Pemerintah Sudah Jalankan Janji Politik, Trubus: Implementasi Program di Lapangan Harus Diperkuat
Pengamat Kebijakan Publik Trubus Rahardiansyah mengatakan penurunan tingkat kepercayaan publik terhadap pemerintahan Presiden Prabowo Subianto lebih dipengaruhi oleh lemahnya implementasi kebijakan di lapangan dibanding substansi program yang dijanjikan p--
JAKARTA, DISWAYMALANG.ID--Pengamat Kebijakan Publik Trubus Rahardiansyah menilai pemerintah sudah menjalankan janji politik yang disampaikan saat kampanye. Namun, ia menyoroti masih lemahnya implementasi sejumlah program di lapangan yang dapat memengaruhi tingkat kepercayaan masyarakat.
Menurut Trubus, persoalan utama bukan terletak pada substansi program pemerintah, melainkan bagaimana kebijakan tersebut diterapkan oleh jajaran pelaksana di berbagai daerah.

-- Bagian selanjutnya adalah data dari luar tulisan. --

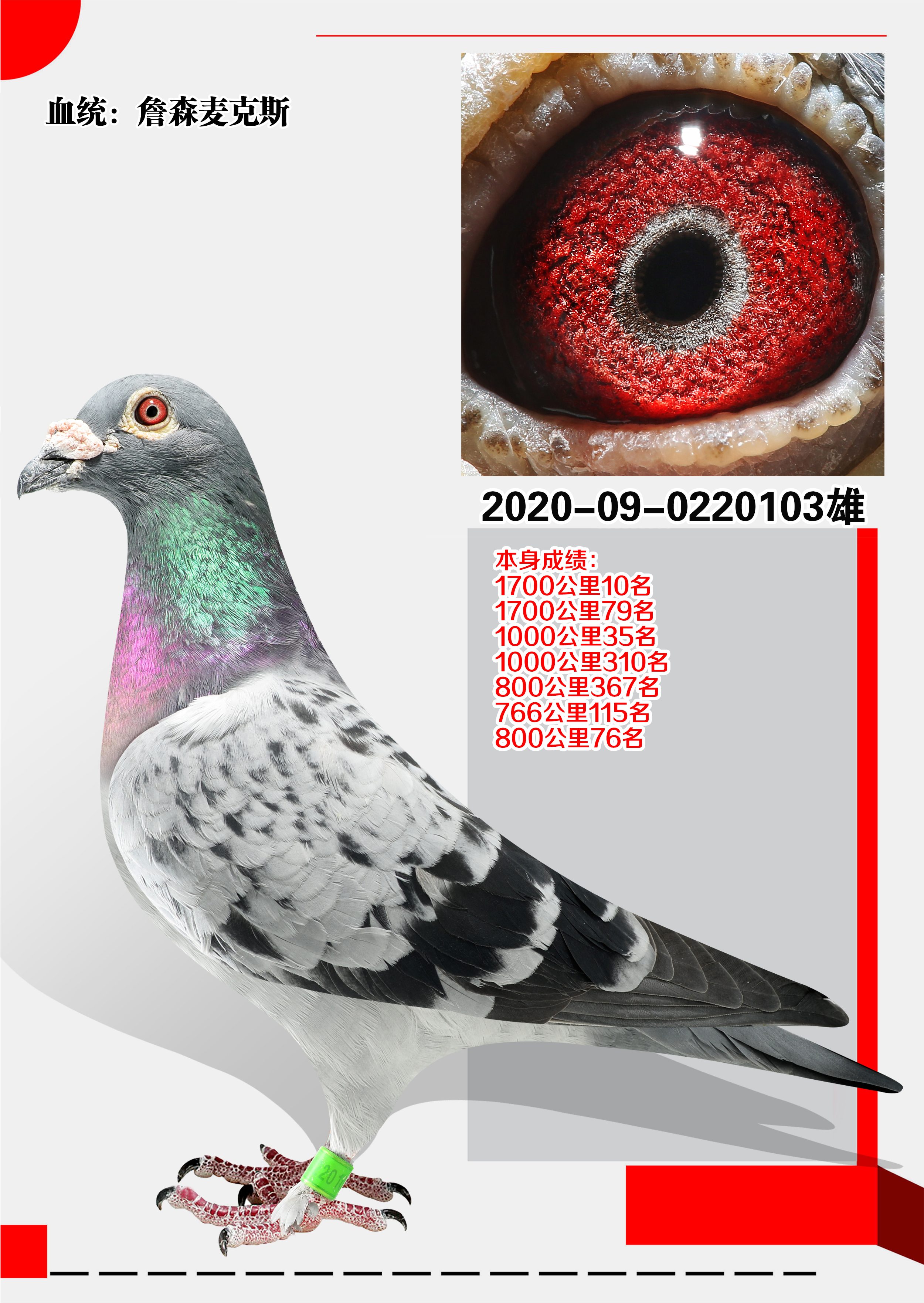 - 当前查看拍卖鸽:詹森麦克斯 本身成绩超长距离1700公
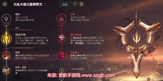 符文解析:蛮王的伤害已经足够强大了,所以我们需要提升的是他的攻击频率。致命节奏能够很好地弥补这一不足,而增加的攻击距离也使得蛮王更容易追击敌人。

Salah satu program yang menjadi sorotan adalah Program Makan Bergizi Gratis (MBG). Trubus menilai program tersebut memiliki tujuan positif karena menyasar kebutuhan dasar masyarakat, khususnya dalam meningkatkan kualitas gizi generasi muda.
“Kalau dari sisi konsistensi, pemerintah sudah menjalankan janji politiknya. Yang menjadi persoalan adalah implementasi di lapangan yang masih sering bermasalah,” ujar Trubus.
Program MBG Perlu Sistem Pengelolaan yang Lebih Matang
Trubus menjelaskan, program pemberian makanan bergizi sebenarnya bukan hal baru. Sejumlah negara seperti India, Brasil, Jepang, hingga Amerika Serikat juga telah menerapkan kebijakan serupa dengan sistem pengelolaan yang lebih matang.
Karena itu, menurut dia, pemerintah perlu memperkuat mekanisme pelaksanaan MBG agar manfaat program benar-benar dirasakan masyarakat.
Ia menilai keberhasilan program tidak hanya ditentukan oleh kebijakan dari tingkat pusat, tetapi juga kesiapan sumber daya manusia, pengawasan, serta tata kelola di daerah.
Selain MBG, Trubus juga menyinggung Program Koperasi Merah Putih yang dinilai perlu membuktikan manfaat nyata bagi masyarakat.
Menurutnya, setiap program pemerintah harus memiliki tujuan yang jelas dan mampu memberikan dampak langsung kepada kelompok penerima manfaat.
Kepercayaan Publik Dipengaruhi Pelaksanaan Program
Trubus mengatakan, penurunan tingkat kepercayaan publik terhadap pemerintahan Presiden Prabowo Subianto lebih banyak dipengaruhi oleh persoalan implementasi kebijakan dibandingkan dengan konsep program yang dibuat pemerintah.
Ia menilai masyarakat akan memberikan penilaian berdasarkan hasil nyata yang mereka rasakan di lapangan.
“Presiden tidak mungkin mengawasi langsung hingga ke daerah, sehingga keberhasilan program sangat bergantung pada pelaksana di bawahnya,” katanya.
Menurut Trubus, pemerintah perlu memastikan seluruh jajaran pelaksana memahami tujuan program dan menjalankan kebijakan sesuai aturan yang telah ditetapkan.
Ia juga meminta pemerintah memperkuat pengawasan agar berbagai program nasional tidak mengalami penyimpangan ketika diterapkan di daerah.